YOUR INSTRUCTIONS ->
Copy, word for word, the lines of the listing below from the line with "Kinda heavy weighing" up to and including the line with "The Aurora Moissanite". Drop the pictures.

SUPPLIED MATERIAL ->
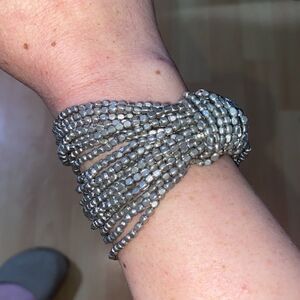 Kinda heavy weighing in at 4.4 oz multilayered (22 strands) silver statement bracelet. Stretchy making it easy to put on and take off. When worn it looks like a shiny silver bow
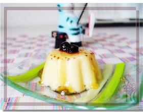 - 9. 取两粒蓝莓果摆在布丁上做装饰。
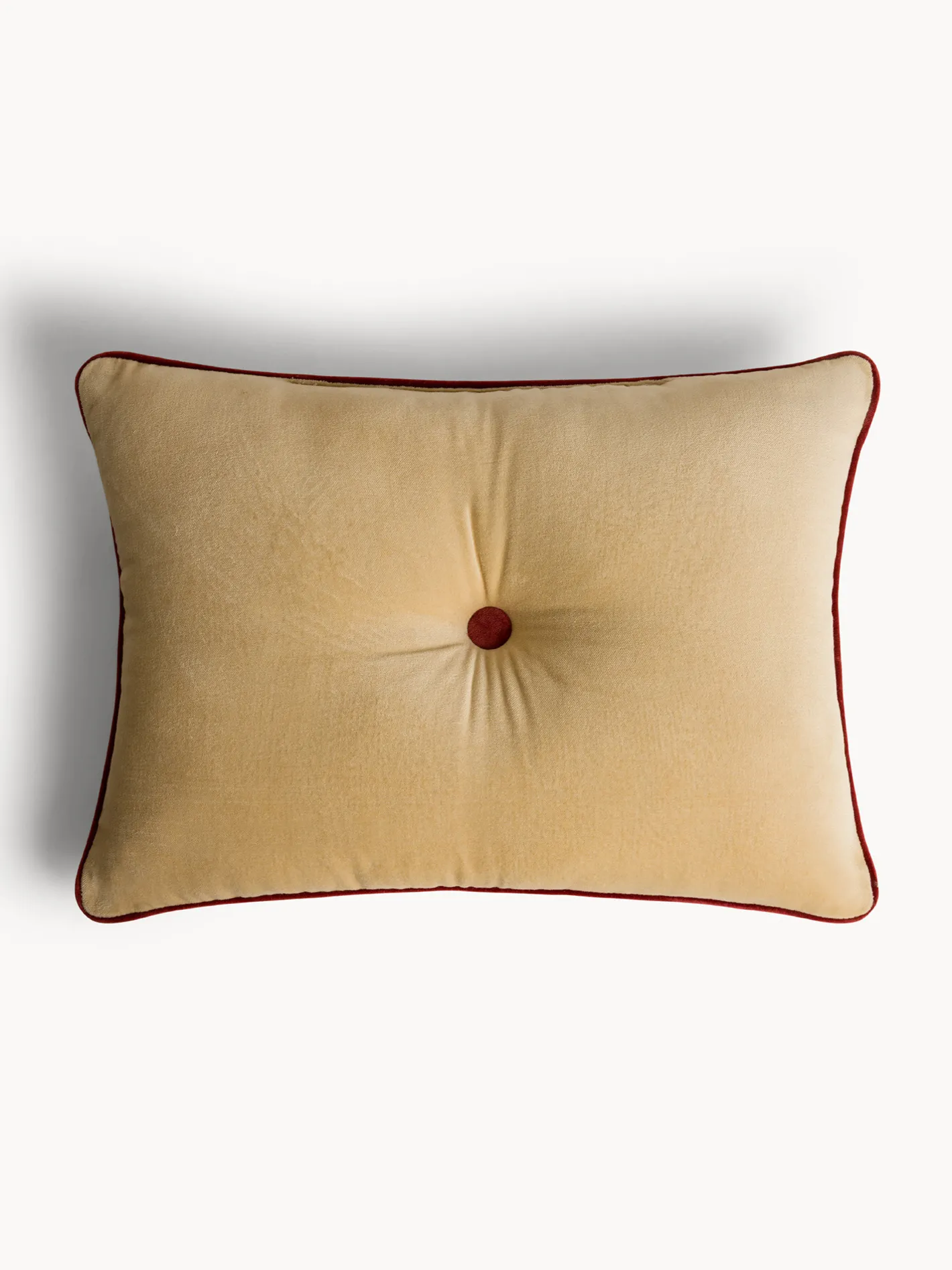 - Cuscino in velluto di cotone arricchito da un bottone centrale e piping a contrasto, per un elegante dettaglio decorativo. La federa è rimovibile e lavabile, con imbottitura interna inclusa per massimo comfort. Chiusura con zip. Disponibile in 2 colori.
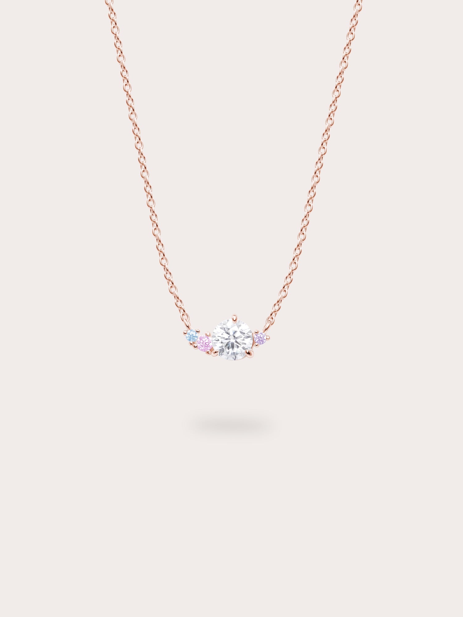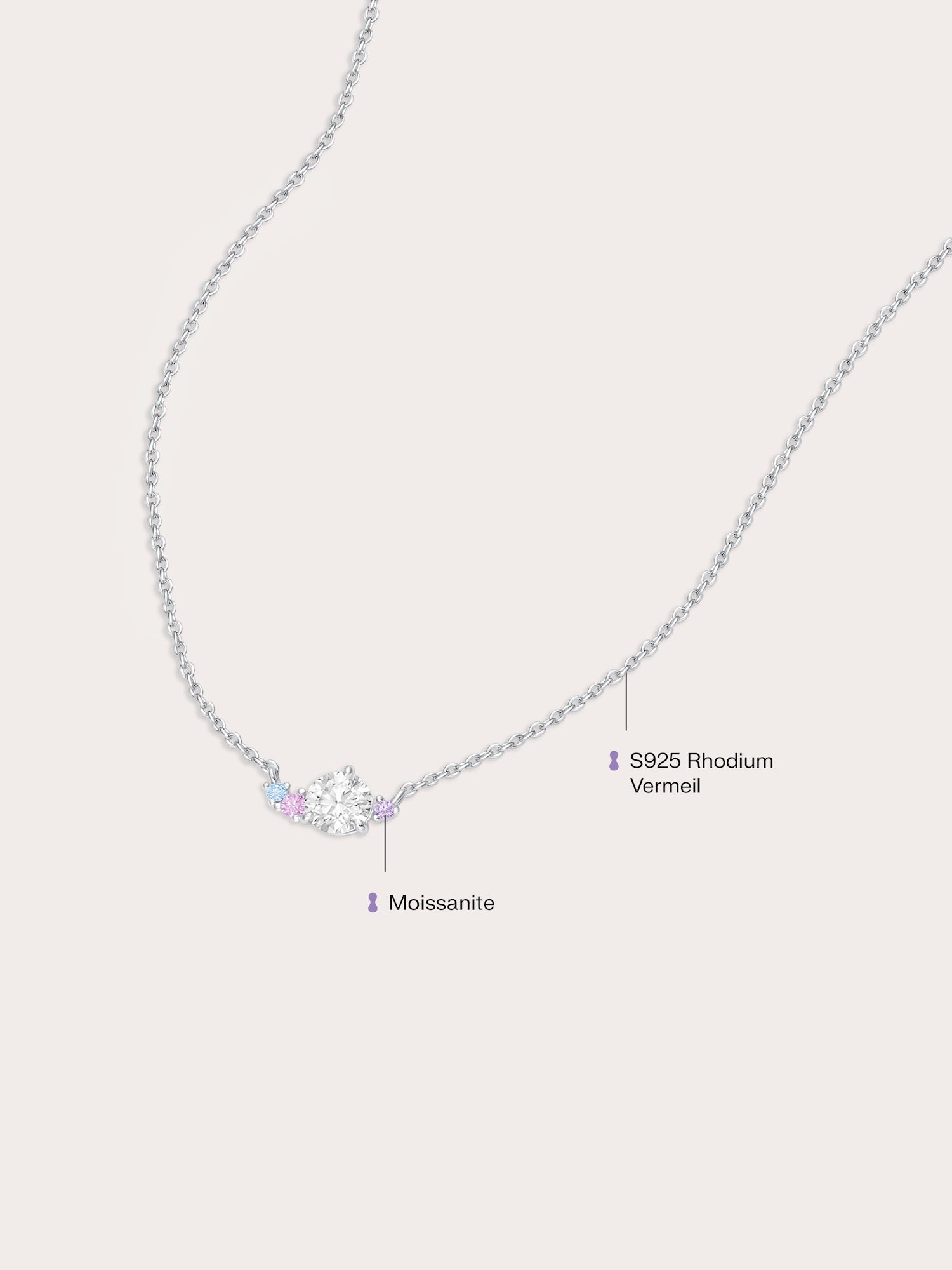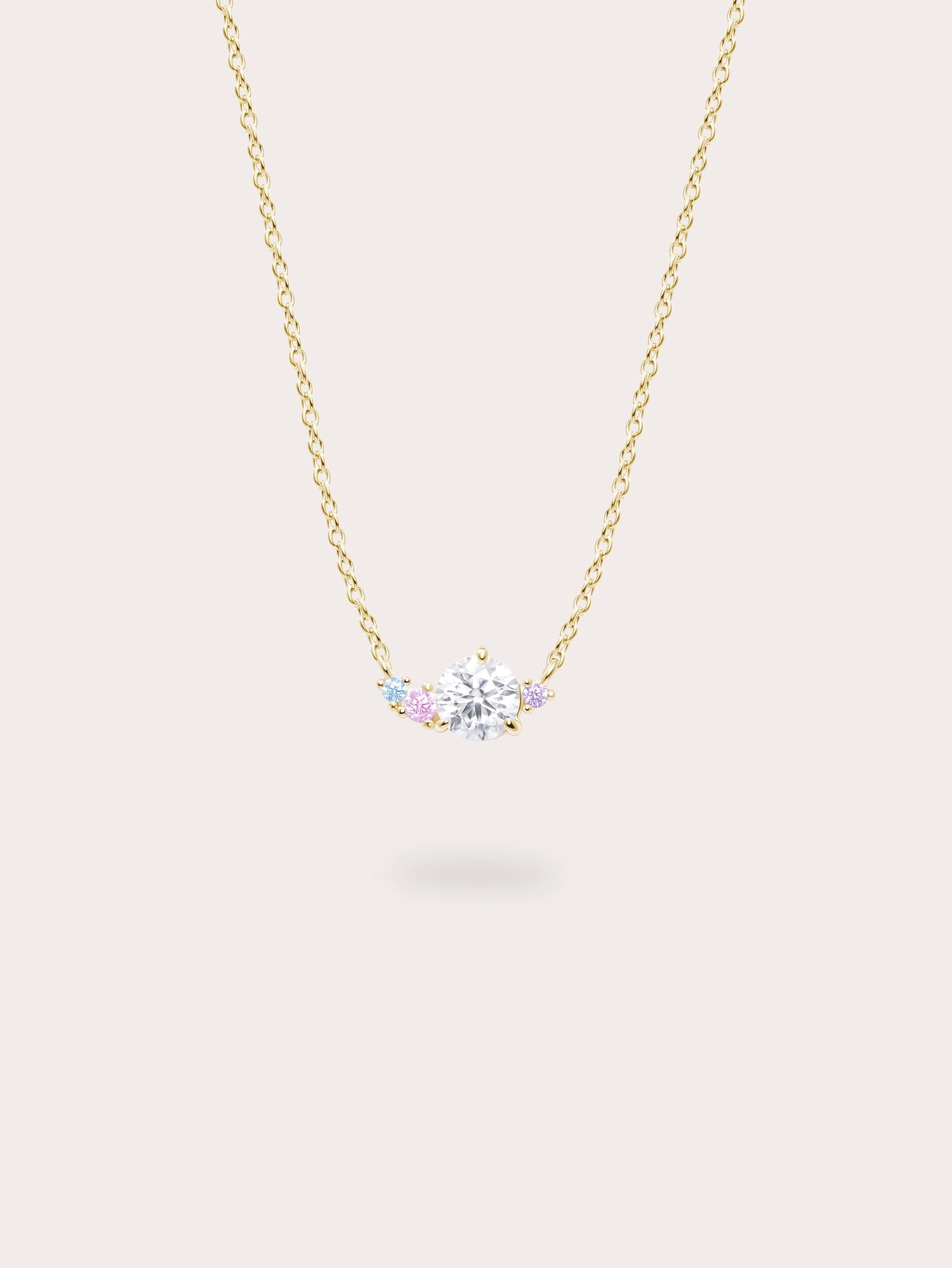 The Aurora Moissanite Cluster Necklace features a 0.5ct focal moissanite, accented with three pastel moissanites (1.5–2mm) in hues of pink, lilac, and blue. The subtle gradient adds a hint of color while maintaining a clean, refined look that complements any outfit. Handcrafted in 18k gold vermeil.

...

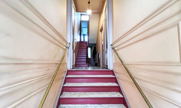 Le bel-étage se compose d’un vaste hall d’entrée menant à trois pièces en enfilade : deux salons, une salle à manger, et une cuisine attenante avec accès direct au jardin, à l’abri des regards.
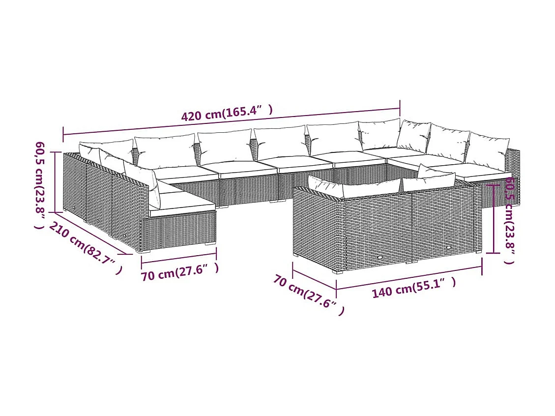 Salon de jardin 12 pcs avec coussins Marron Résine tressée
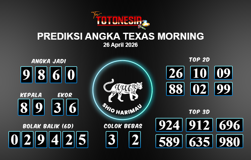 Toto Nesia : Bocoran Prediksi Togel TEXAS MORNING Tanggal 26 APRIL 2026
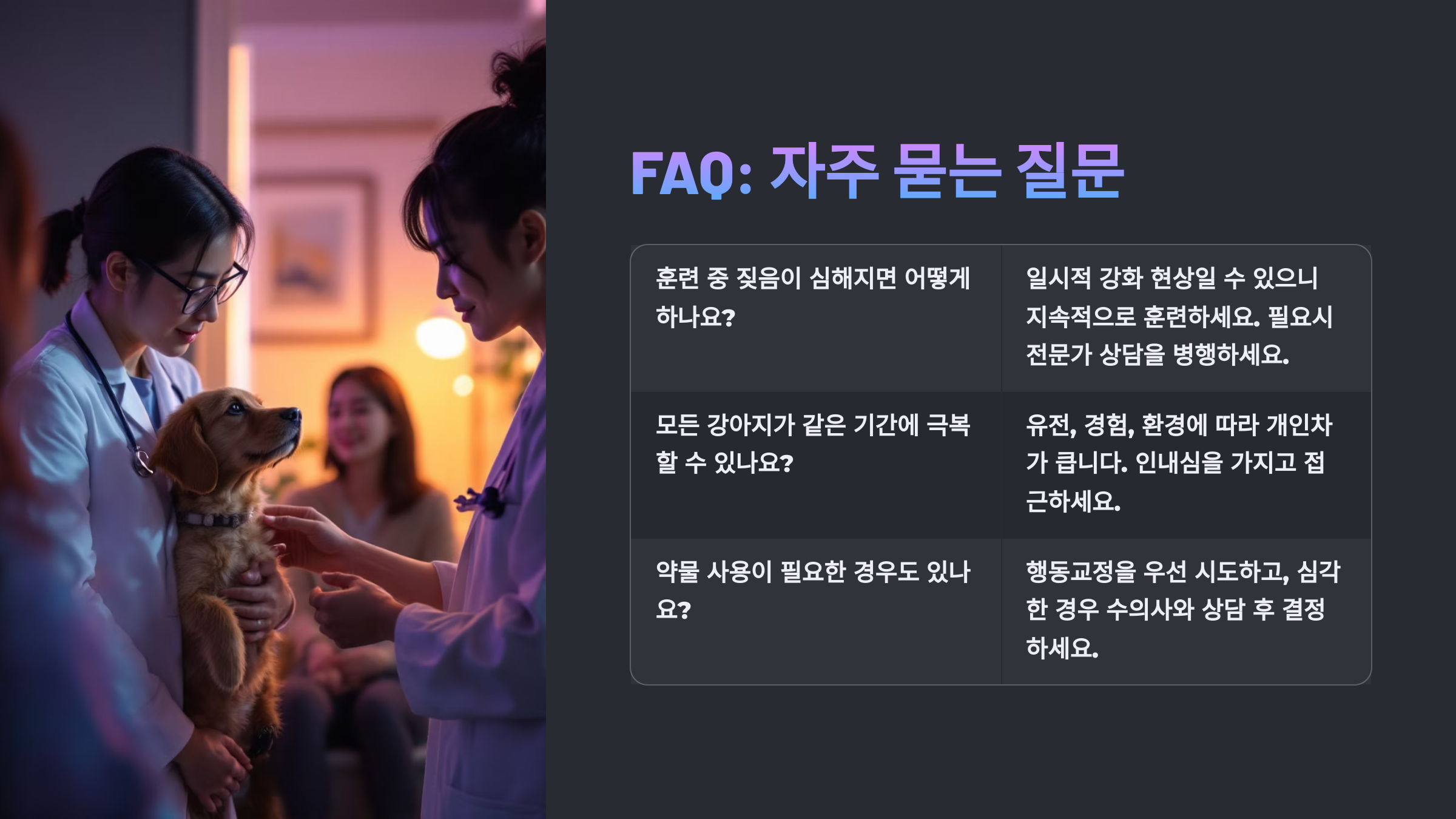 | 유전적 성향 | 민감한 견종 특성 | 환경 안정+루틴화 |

EXERCISE RESPONSE ->
 Kinda heavy weighing in at 4.4 oz multilayered (22 strands) silver statement bracelet. Stretchy making it easy to put on and take off. When worn it looks like a shiny silver bow
 - 9. 取两粒蓝莓果摆在布丁上做装饰。
 - Cuscino in velluto di cotone arricchito da un bottone centrale e piping a contrasto, per un elegante dettaglio decorativo. La federa è rimovibile e lavabile, con imbottitura interna inclusa per massimo comfort. Chiusura con zip. Disponibile in 2 colori.
 The Aurora Moissanite Cluster Necklace features a 0.5ct focal moissanite, accented with three pastel moissanites (1.5–2mm) in hues of pink, lilac, and blue. The subtle gradient adds a hint of color while maintaining a clean, refined look that complements any outfit. Handcrafted in 18k gold vermeil.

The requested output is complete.